A continuación, con el manipulador fino, mueva la micropipeta hasta el borde de la célula hasta que la punta de la pipeta toque suavemente la membrana. Tome una imagen para observar la posición de la pipeta. Se crean buenos sellos cuando toda la punta de la pipeta está en pleno contacto con la superficie de la célula y el contacto es estable.

A continuación, aplique un paso de presión negativa con el transductor y manténgalo hasta que se estabilice la proyección de la membrana. La cantidad de presión necesaria para aspirar la membrana en la pipeta varía según el tipo de célula y las condiciones experimentales específicas. La deformación inicial se observa típicamente cuando se aplica una presión en el rango de menos dos a menos 15 milímetros de mercurio.

Cuando se aplica la presión, la membrana se deforma gradualmente en la pipeta hasta que se estabiliza a una cierta longitud. Un proceso que normalmente tarda de dos a tres minutos durante este tiempo, se requieren imágenes de la deformación de la membrana cada 30 segundos para rastrear la progresión de la membrana que se introduce en la pipeta. Finalmente, aumente la presión al siguiente nivel en pasos de dos a cinco milímetros de mercurio.

Repita todo el procedimiento hasta que la proyección de la membrana se desprenda de la célula y pase a la pipeta, momento en el que se detiene el experimento. Para cuantificar el grado de deformación de la membrana, se mide la longitud aspirada desde la punta de la pipeta hasta el vértice de la circunferencia de la proyección de la membrana. Una pipeta más grande aplicará más fuerza sobre la membrana celular al mismo nivel de presión para tener en cuenta la variabilidad entre los diámetros de las pipetas.

La longitud aspirada se normaliza para el diámetro de la pipeta medido para cada experimento para validar el uso de la técnica de microaspiración para células adheridas al sustrato, se probó con una disrupción de la actina F que da como resultado una disminución en la rigidez celular de las células endoteliales aórticas bovinas según lo estimado por este enfoque. Aquí, se muestra una serie típica de imágenes fluorescentes de una membrana endotelial que sufre una deformación progresiva en respuesta a la presión negativa aplicada a través de una micropipeta, como se esperaba.
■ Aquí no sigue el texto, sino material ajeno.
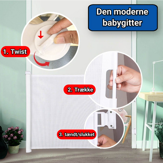 En børnegitter rulle er et smidigt og fleksibelt børnegitter, som kan monteres i dørkarme, trapper, indgangspartier eller andre indgange med en maksimal bredde på 150 cm. Som navnet afslører, fungerer dette gitter ligesom et rullegardin, der nemt kan trækkes ud og justeres til præcis den bredde, du har brug for. Rullegardiner har derimod en tendens til at smække hårdt i, hvilket du ikke behøver at bekymre dig om i dette tilfælde. Babygitteret har en skruelåsfunktion, som stopper gitteret i den ønskede bredde. Denne moderne rullegardinlåge er ny på markedet og er lavet af slidstærkt materiale, så den holder længe. Desuden er lågen meget diskret og knap nok synlig, når den ikke er åben.
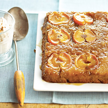 Bake at 350 degrees F for about 35 minutes or until a wooden toothpick inserted near center comes out clean. Cool cake in pan on a wire rack for 5 minutes. Loosen edges and invert onto serving platter. Spoon any topping left in pan over the top of cake. Cool about 20 minutes; serve warm with ice cream.

La membrana se aspira gradualmente en la pipeta y la longitud aspirada aumenta en función de la presión aplicada, los cursos de tiempo de la deformación muestran que la interrupción de la acción aumenta significativamente las longitudes aspiradas de las proyecciones en todas las condiciones de presión.

Usando este enfoque, se descubrió que la rigidez celular aumenta cuando las membranas celulares se agotan de colesterol, mientras que el enriquecimiento del colesterol no tuvo ningún efecto. Aquí. Se muestra una célula enriquecida con colesterol, una célula de control y una célula sin colesterol después de alcanzar longitudes máximas de aspiración de menos 15 milímetros de mercurio. Por lo general, las proyecciones comenzaban a desarrollarse a menos 10 milímetros de mercurio, y las causas temporales de la deformación de la membrana podían medirse para las presiones negativas de 10, 15 y 20 milímetros de mercurio.

Aquí, las longitudes máximas aspiradas se trazan en función de la presión aplicada. La longitud máxima normalizada en las células agotadas fue significativamente menor que la de las células de control para presiones de menos 15 milímetros de mercurio y menos 20 milímetros de mercurio. La aplicación de presiones negativas por encima de 25 milímetros de mercurio dio lugar al desprendimiento de la proyección aspirada formando un sle separado.

El nivel de presión que resultó en el desprendimiento de la membrana fue similar en diferentes condiciones de colesterol y en observaciones inesperadas. Como muestran estudios anteriores, el aumento del colesterol de membrana mejora la rigidez de las bicapas lipídicas de membrana. Una vez dominada, esta técnica se puede realizar en dos o tres horas si se realiza correctamente. Al intentar esta técnica, es importante recordar que este experimento se realiza en células individuales.

Por lo tanto, se deben analizar de tres a cinco células por condición, por experimento para un total de tres experimentos en total.